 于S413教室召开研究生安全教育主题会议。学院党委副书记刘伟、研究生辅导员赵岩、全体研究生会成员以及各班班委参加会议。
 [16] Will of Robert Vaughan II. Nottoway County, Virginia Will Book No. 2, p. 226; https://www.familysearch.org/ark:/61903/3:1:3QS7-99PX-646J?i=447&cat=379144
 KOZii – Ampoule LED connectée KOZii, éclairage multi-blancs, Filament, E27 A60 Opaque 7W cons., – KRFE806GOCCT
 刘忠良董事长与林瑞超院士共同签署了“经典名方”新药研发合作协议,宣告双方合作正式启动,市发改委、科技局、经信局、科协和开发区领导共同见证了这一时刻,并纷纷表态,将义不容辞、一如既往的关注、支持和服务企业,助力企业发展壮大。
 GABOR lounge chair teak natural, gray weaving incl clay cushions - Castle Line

...

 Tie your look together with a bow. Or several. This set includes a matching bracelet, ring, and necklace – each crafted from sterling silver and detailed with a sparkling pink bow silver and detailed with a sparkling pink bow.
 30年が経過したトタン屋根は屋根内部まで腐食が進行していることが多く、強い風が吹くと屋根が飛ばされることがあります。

What you have to do:
Your answer should consist solely of the lines above from the line with "KOZii – Ampoule" to the line with "GABOR lounge chair", both included, reproduced exactly.

Reply to the exercise:
 KOZii – Ampoule LED connectée KOZii, éclairage multi-blancs, Filament, E27 A60 Opaque 7W cons., – KRFE806GOCCT
 刘忠良董事长与林瑞超院士共同签署了“经典名方”新药研发合作协议,宣告双方合作正式启动,市发改委、科技局、经信局、科协和开发区领导共同见证了这一时刻,并纷纷表态,将义不容辞、一如既往的关注、支持和服务企业,助力企业发展壮大。
 GABOR lounge chair teak natural, gray weaving incl clay cushions - Castle Line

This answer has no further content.